Trie Substring Search
Installation
Implementation of text syntax analyzer, which represents text as non symetric trie of chars or substrings by dictionary or list of keywords. Similar to Aho-Corasick algorithm, but with modifications, there is removed suffixes and added recovering text from the trie.
Add this line to your application's Gemfile:
gem 'trie-substring-search'
And then execute:
$ bundle
Or install it yourself as:
$ gem install trie-substring-search
Usage
dictionary = %w[he she her his him he they their she]
tss = TSS::Trie.new(dictionary, :full)
tss.parse('he their them height have then their shelter')

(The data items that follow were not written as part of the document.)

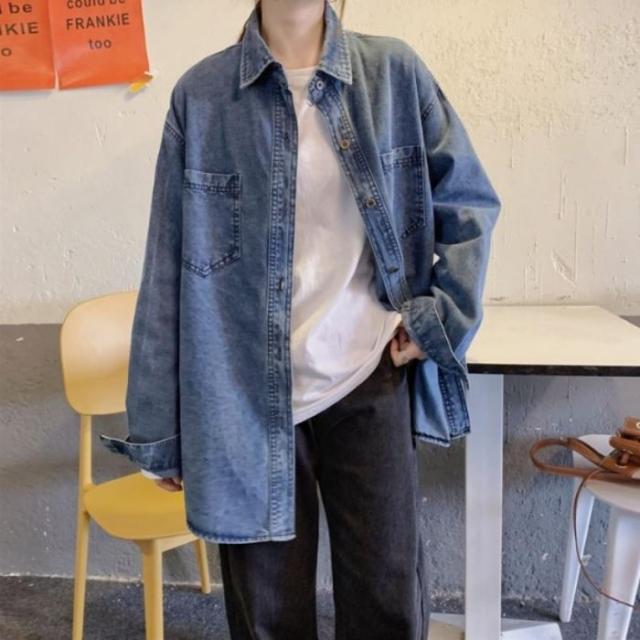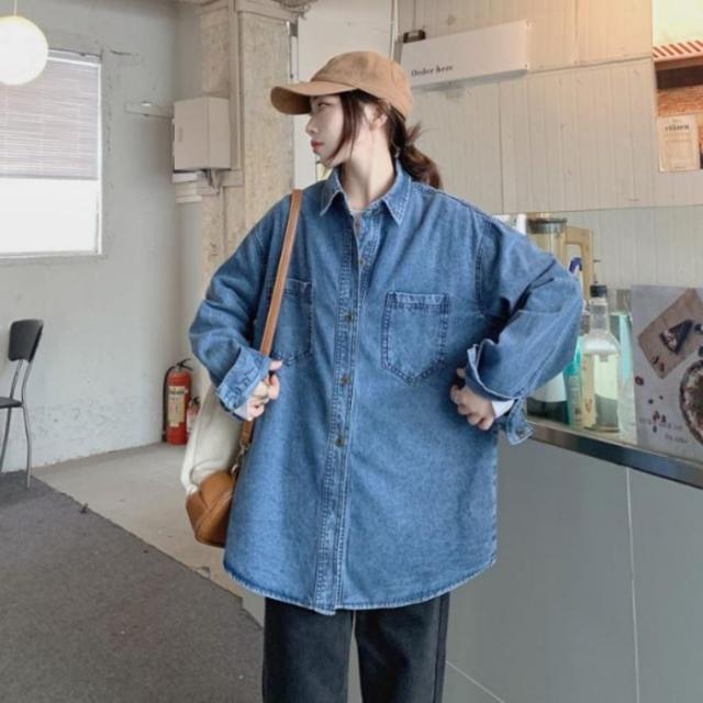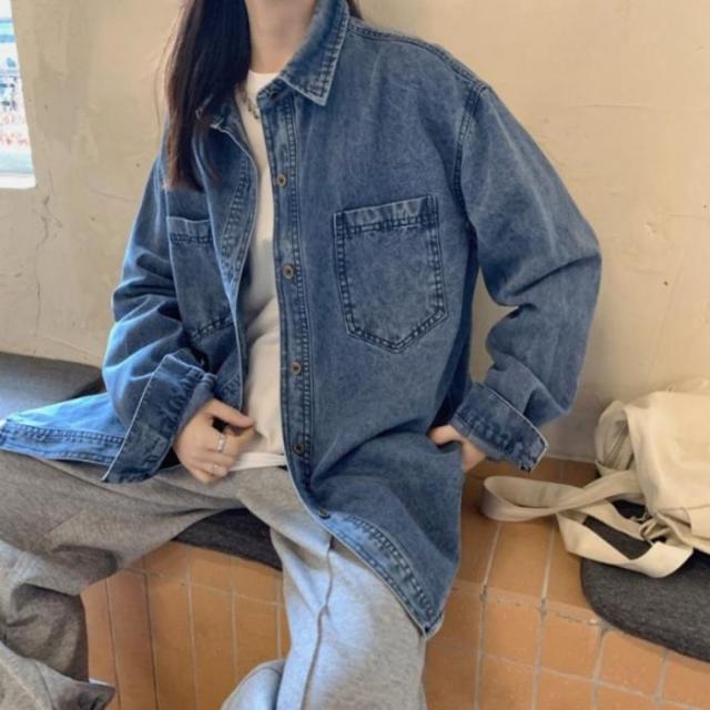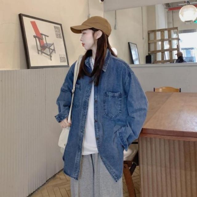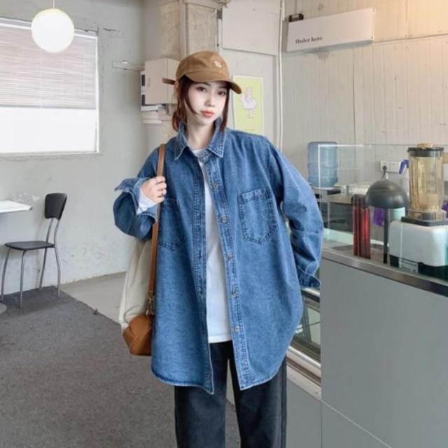 デニムシャツ レディース 羽織り アウター オーバーサイズ ゆったり カジュアル 韓国 長袖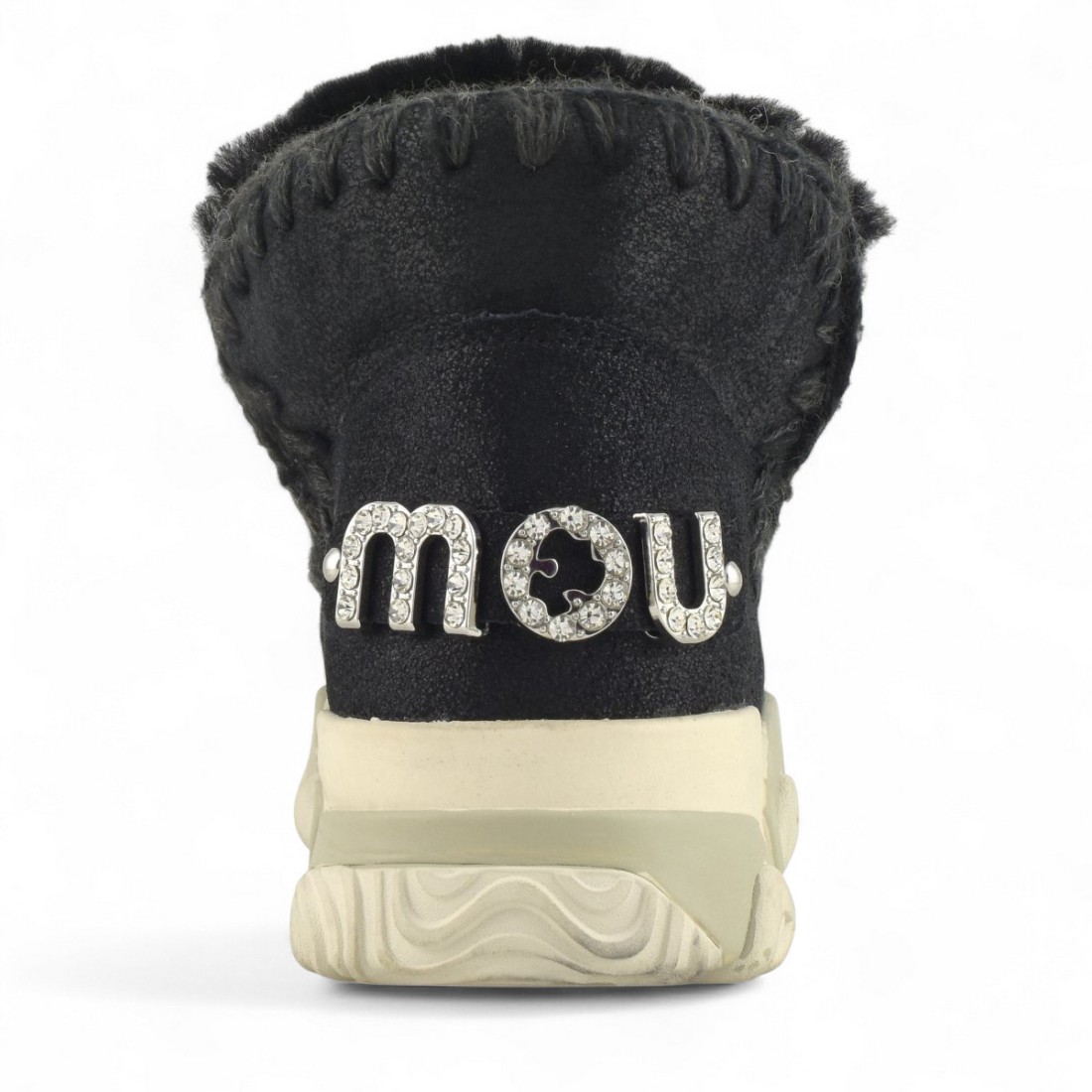 Scopri le sneakers MOU Eskimo Trainer Logo Rhinestones in pelle craccata nera, impreziosite da cuciture all’uncinetto e logo in metallo con strass sul retro. L’interno in morbido montone double-face assicura comfort e calore, mentre il fondo in gomma garantisce una perfetta tenuta. Ideali per uno stile ricercato e autentico ogni giorno.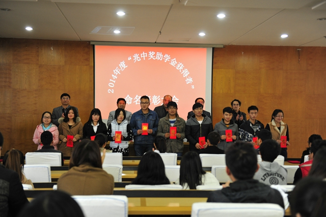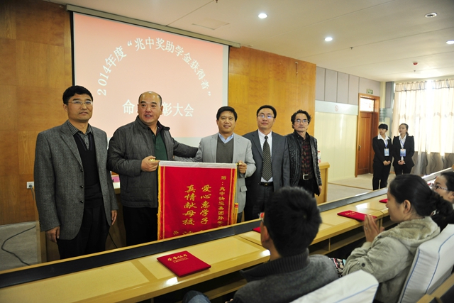 校、处、院领导与企业负责人为2014年兆中奖学金获得者颁发证书及奖学金。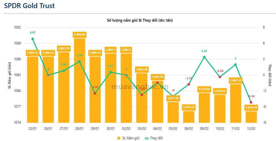 Theo cập nhật dữ liệu mới nhất từ muavangbac.vn, quỹ vàng lớn nhất thế giới SPDR Gold Trust vừa bán ròng 5,1 tấn vàng trong phiên 12/2, qua đó giảm khối lượng nắm giữ còn 1.076,2 tấn vàng. Trước đó, quỹ mua ròng tổng cộng gần 6 tấn vàng trong 3 phiên đầu tuần.

tss.extend_dictionary(%w[our it them])
vertex = tss.root.get_child('s').get_child('h').get_child('e')
vertex.end_indexes
tss.backtrace_to_word(vertex)
Index of word in dictionary can be used to get relations with additional array with external data(or collection, or can be easily replaced by foreign key in the future). If dictionary contain duplicates, then you will get few indexes in result.
Benchmark
dictionary: 100000 words
number of executions with uniq text: 44555
results of benchmark:
user system total real
1.749733 0.116561 1.866294 ( 1.876876)
Development
Contributing
TBD Improvements:
- TODO: Mode providing ability to return whole words, that contain substring from dictionary
- TODO: Suffix references is not implemented. Just now it contains full syntax tree, so it is less memory efficient then original Aho-Corasick algorithm.
- TODO: Maybe, will be good to implement next features for trie build stage:
- post optimization of vertex connections, creating suffixes
- some parallelism
- pre optimization of a dictionary.